Influence of CL and its oxidation on the packing of integral membrane proteins. Top row: The scheme shows how an integral membrane protein interacts with the lipid bilayer in the presence of (a) cylindrical two-tail lipids, (b) cone-shaped four-tail CL molecules, and (c) after the oxidation of a CL molecule. Red arrows indicate proton leakage in cases (a,c). Bottom row: 3D structure of the bovine ADP/ATP carrier (PDB ID: 2C3E [75]) without (d) and with (e) bound CL molecules. (f), a scheme of a chain reaction of lipid peroxidation in the presence of an antioxidant. Abbreviations: L, lipid; LOO•, lipid peroxide; LOOH, a quenched lipid peroxide; QH₂, a quinol-type antioxidant; see the main text and [62,72] for details.

Figure 3

Structure of different mitochondria-targeted compounds. Adapted from [94].

Figure 4

Mitochondria-targeted antioxidant SkQ1 prevents the lethal toxicity of four different shocks. (A) SkQ1 prevents the lethal toxicity of bacterial lipopolysaccharide (LPS). LPS at doses of 30 mg/kg was injected intravenously. SkQ1 (1.5 mmol/kg/day) was administered intraperitoneally for five days. С57Bl6 (3 months) mice were used; (B) SkQ1 prevents the rapid death of mice after injection of mitochondria (10 mg protein/kg body weight) into the tail vein. SkQ1 (1.5 μmol/kg) was administered intraperitoneally daily for 5 days before and after mitochondrial injection. 5 mM succinate (Succ) was added to mitochondria prior to injection. (С) SkQ1 protects mice against toxic doses of C₁₂TPP. Survival of mice after a single intravenous injection of 34 μmol/kg C₁₂TPP. SkQ1 (1.5 μmol/kg/day) was injected as in (A); (D) SkQ1 prevents mice from rapid death caused by cooling. Mice were placed at −20 °C for 1 h and then returned to room temperature. SkQ1 (1.5 μmol/kg) was administered intraperitoneally for 5 days before cooling and for 3 days after cooling.

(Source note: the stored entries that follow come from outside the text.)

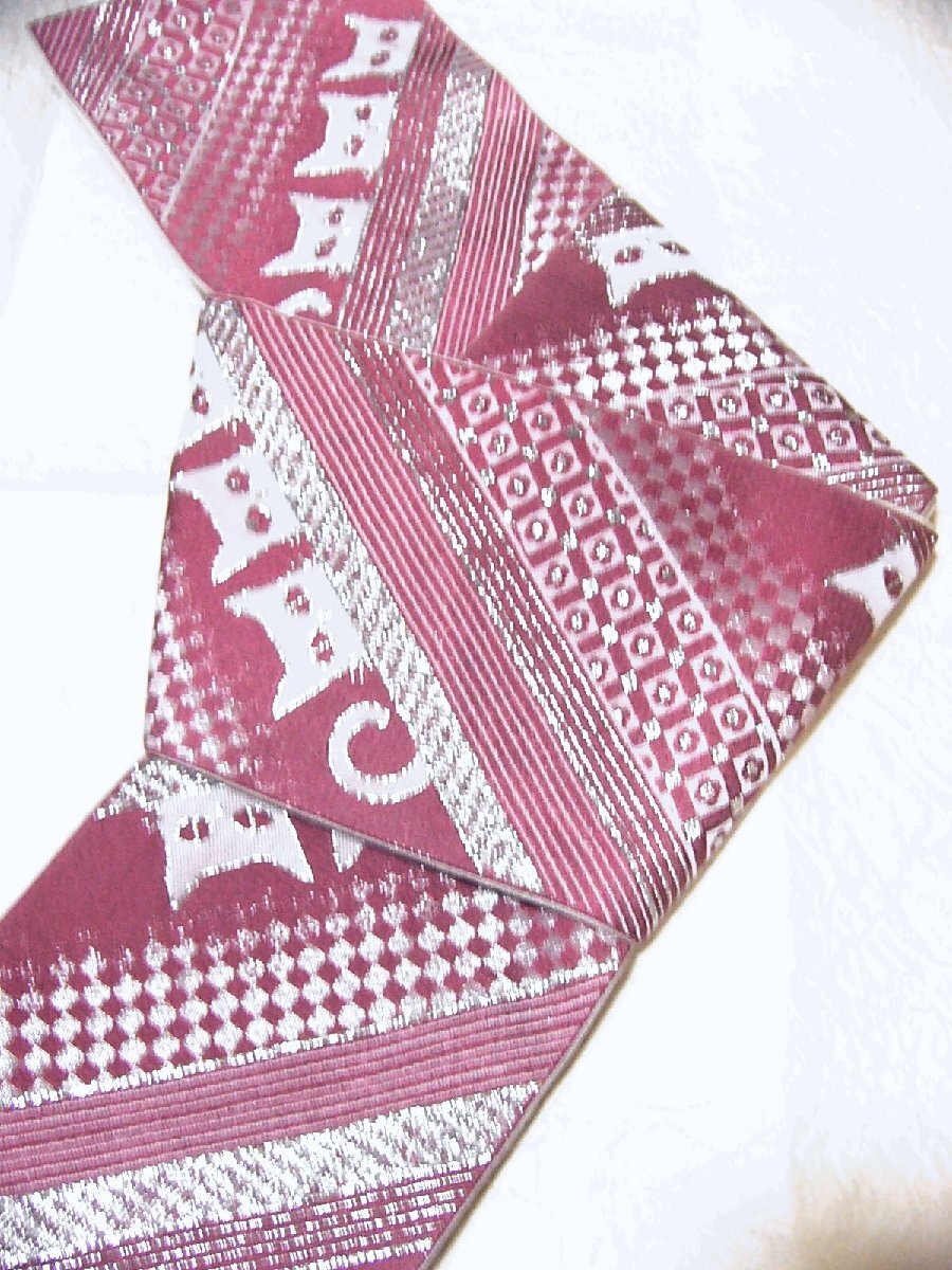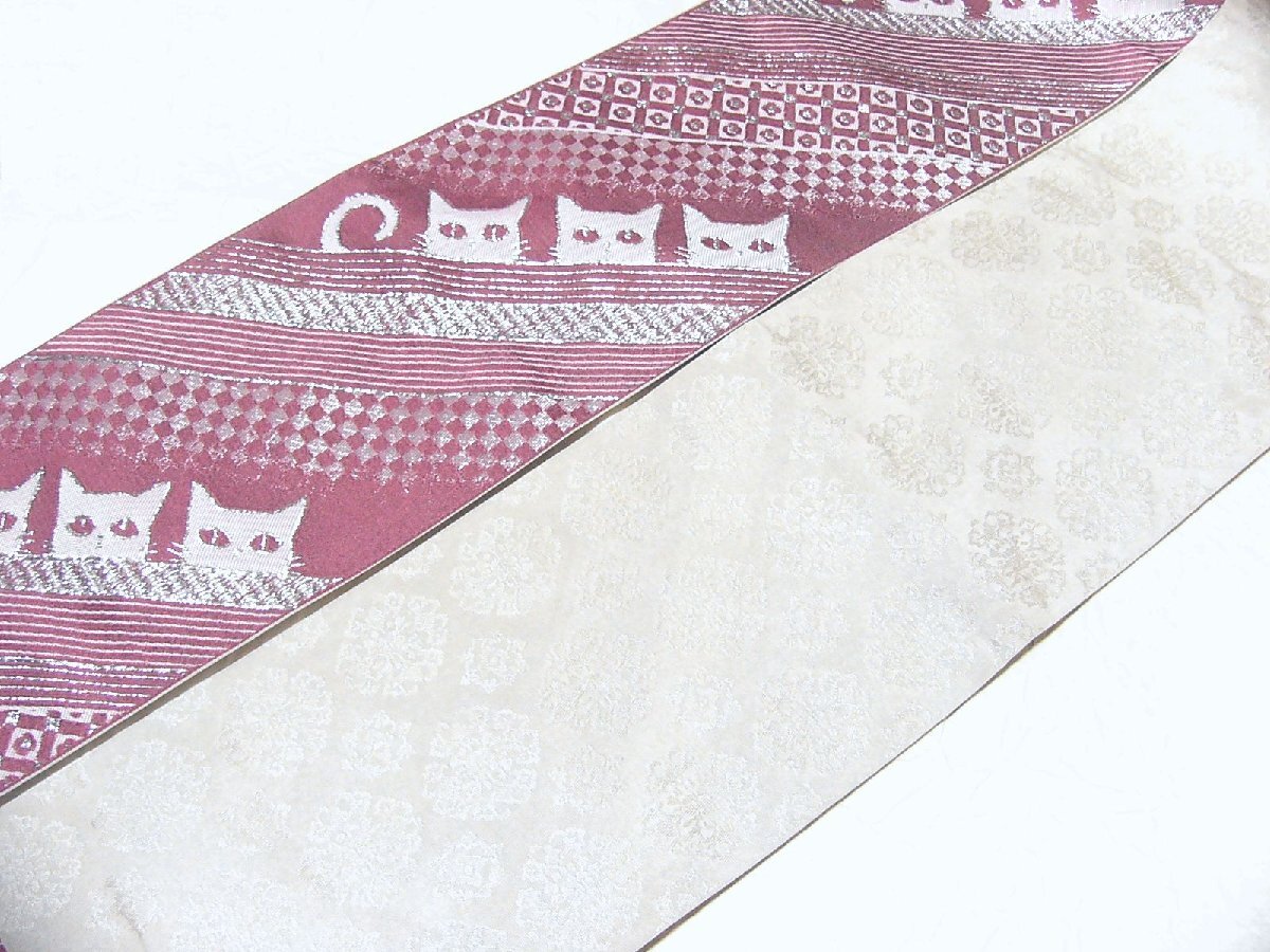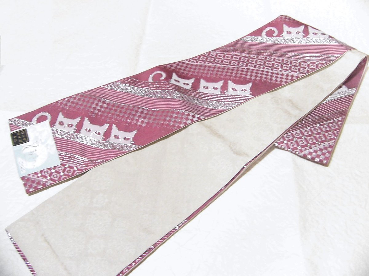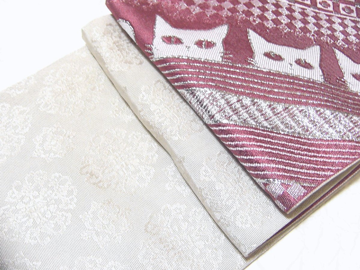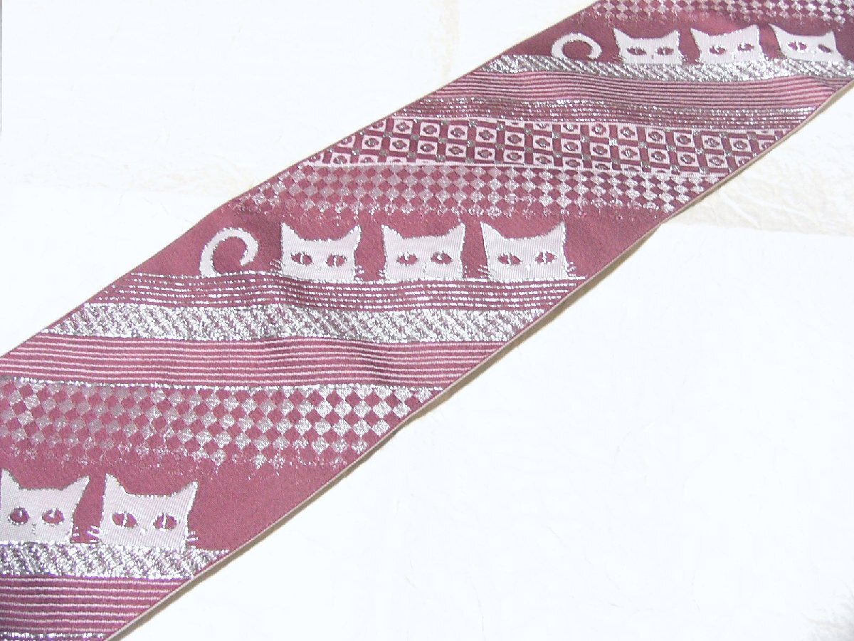 片面は淡くくすんだ赤紫色系の少し淡いオールドライラック色のような色合いで斜線柄の中にかわいい子猫柄の織物です。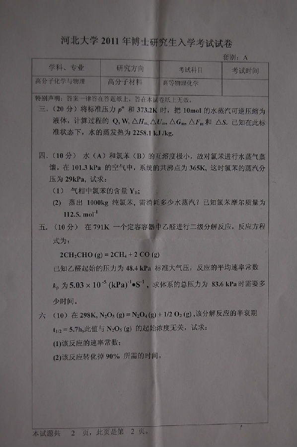 新东方在线为报考河北大学管理学院的考博考生整理了河北大学高分子化学与物理专业高等物理化学1考博真题,供考生参考。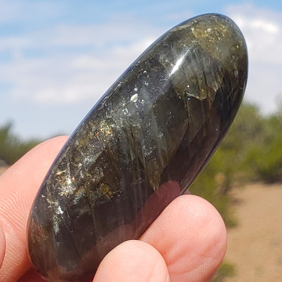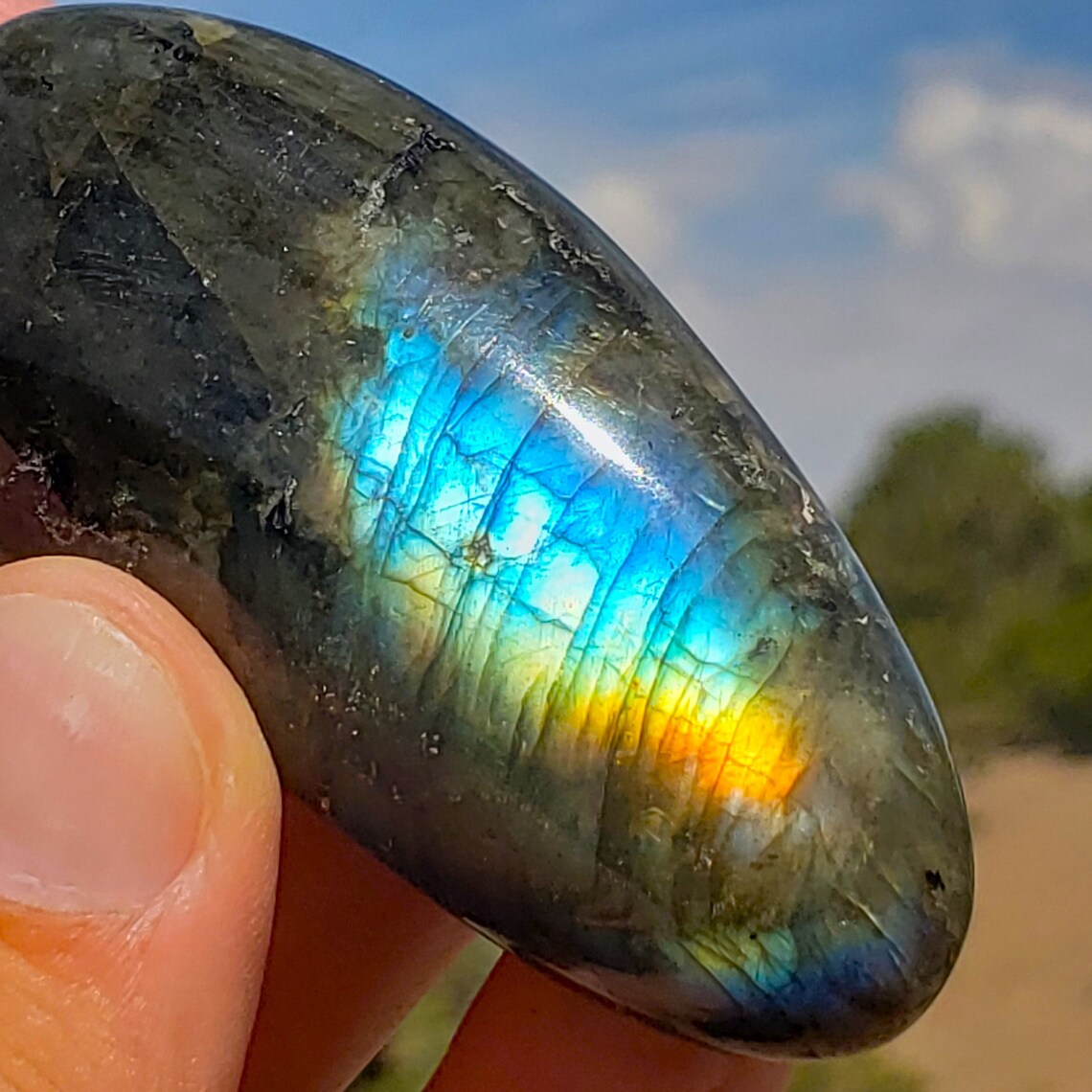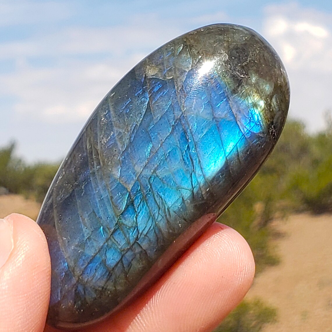 This is a high quality, polished Labradorite palmstone from Madagascar with high chatoyancy and many different flashy colors.
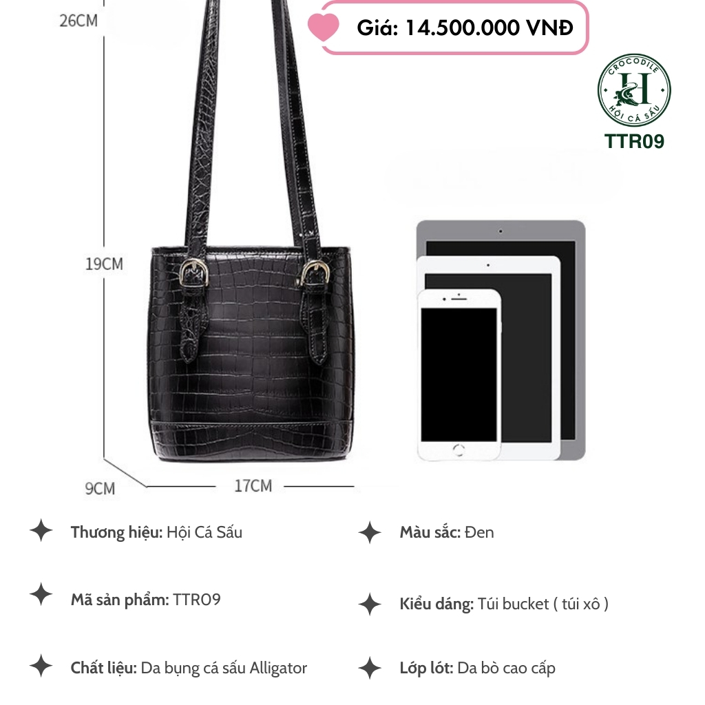 Túi xách nữ TTR09 là sản phẩm mới nhất đến từ thương hiệu Hội Cá Sấu, mang phong cách tối giản nhưng đầy quyền lực. Với kiểu dáng túi bucket (túi xô) đang thịnh hành và được chế tác từ da bụng cá sấu Alligator – dòng da đắt giá và quý hiếm, TTR09 là lựa chọn hoàn hảo cho quý cô yêu thích phong cách sang trọng nhưng không phô trương.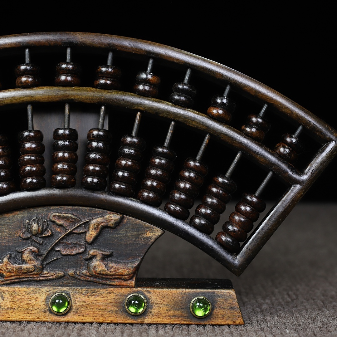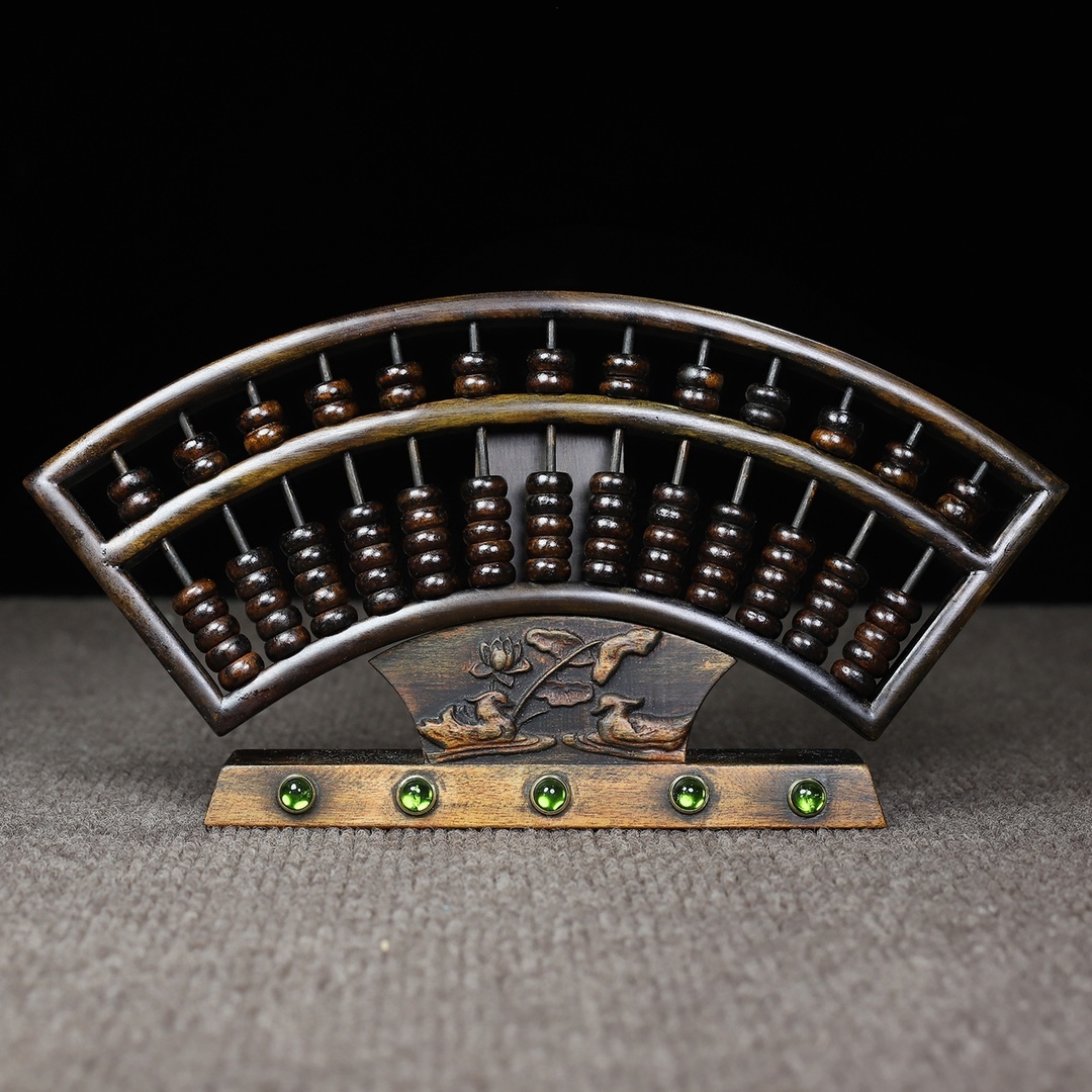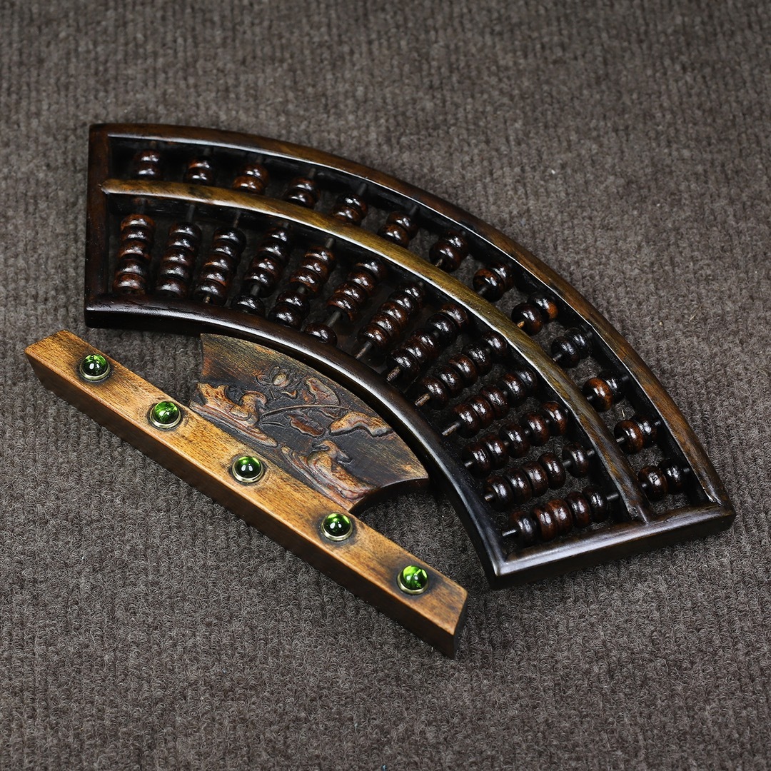 古木彫り 秘藏 清代 秘蔵花梨木帯台座扇形そろばん置物 書道具 文房具 時代物 細密彫 置物 賞物 唐物 木彫り 文玩 6.18cl 收藏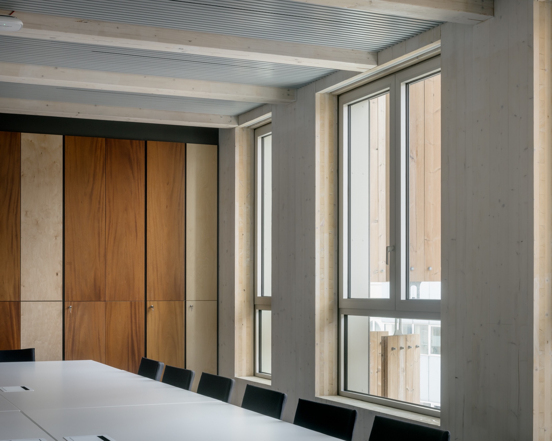 Door de achterbouwvolumes open te werken en helder te verbinden met het nieuwe volume, kon het gewenste bouwprogramma volledig worden gerealiseerd. Het gebouw aan de Koning Albertlaan werd losgekoppeld en er werden twee open, groene tuinen aangelegd in het binnengebied, die naadloos aansluiten op de cafetaria en vergaderruimtes. Tijdens de afbraakfase werd een volledige inventaris gemaakt van de bestaande losse en vaste infrastructuur, inclusief schrijnwerk en demonteerbare bouwmaterialen. Isolatie, binnenschrijnwerk en afwerkingsmaterialen kregen hierdoor een tweede leven via een alternatief circuit. Specifieke elementen werden hergebruikt in het nieuwe gebouw. Het nieuwe hoofdvolume aan de straatzijde heeft op het gelijkvloers een glazen, naar binnen knikkend volume en een brede onderdoorgang, waardoor een sterke link ontstaat tussen het binnengebied en de straat. De toegang tot het gebouw, het binnengebied en de ondergrondse fietsenstalling worden op deze manier in één beweging ontsloten.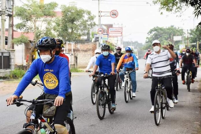 METRO – realitasonline.id | Wali Kota Metro Wahdi dan Wakil Wali Kota Metro Qomaru Zaman melakukan kegiatan bersepeda menuju wisata Padas Grojok di Kelurahan Rejomulyo Metro Selatan, Minggu pagi (14/3/2021).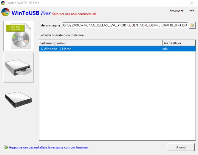 Se si volesse installare su USB Windows 11 Pro o altre edizioni del sistema operativo diverse dalla Home si potrà successivamente valutare l’acquisto di una licenza di WinToUSB.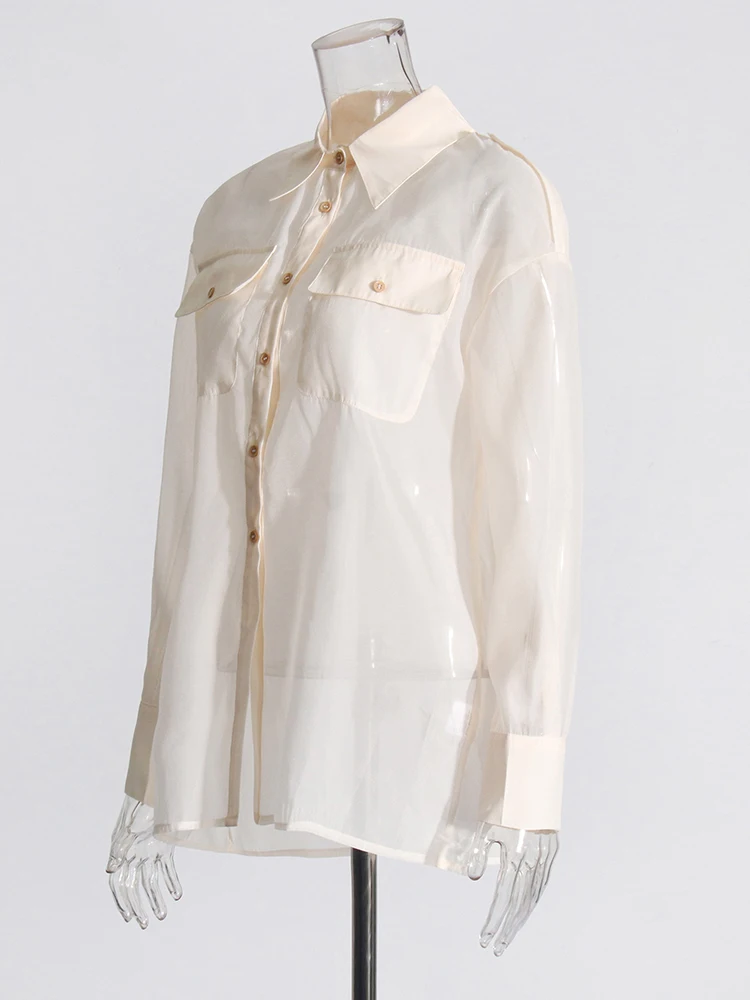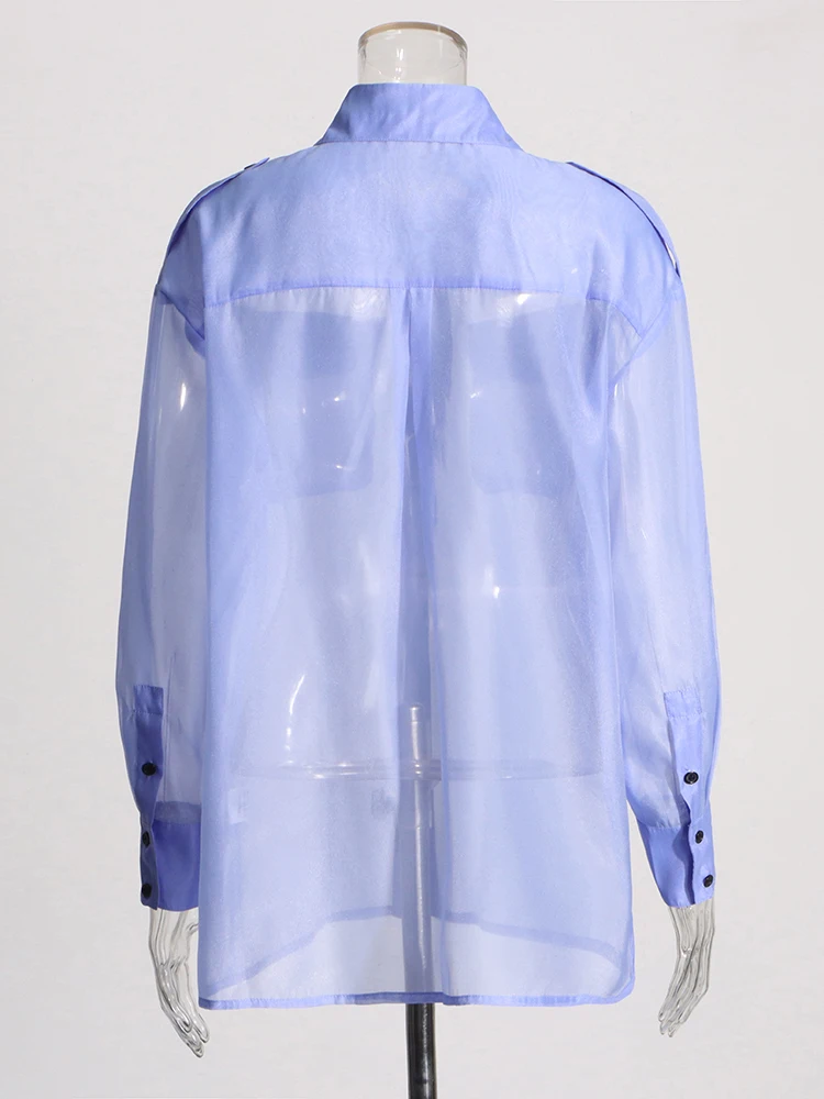 TWOTWINSTYLE Solid Temperament Spliced Button Shirt For Women Lapel Long Sleeve Patchwork Pocket Minimalist Blouses Female New

Adapted from [130].

Figure 5

Mechanism of mild depolarization and its dependence on aging. (A), The interplay between the respiratory chain (Complexes I, II, III, and IV), H⁺-ATP-synthase (Complex V, also known as F_OF₁), the transporters of ATP and ADP (ADP/ATP carrier and VDAC), and hexokinase I or II bound to VDAC. Creatine kinase is is in the intermembrane space, contacting the outer surface of the ADP/ATP carrier. The creatine phosphate produced by this kinase is released into the intermembrane space of the mitochondrion. The hexokinase-mediated depolarization should be driven by the dissipation of some energy due to the transfer of the phosphoryl residue from ATP to glucose when G6P is formed. During aging, the level of mitochondria-associated hexokinase decreases, which prevents mild depolarization and consequently leads to increased mROS production. (B) Experimental data illustrating the age-dependent decline in mitochondrial-bound hexokinase activity in mouse embryos and 3-, 12-, 24-, or 30-month-old mice. * p < 0.01; ** p < 0.001 (mouse embryos, 12-, 24-, or 30-mo-old mice compared with 3-mo-old mice). Date adapted from [145].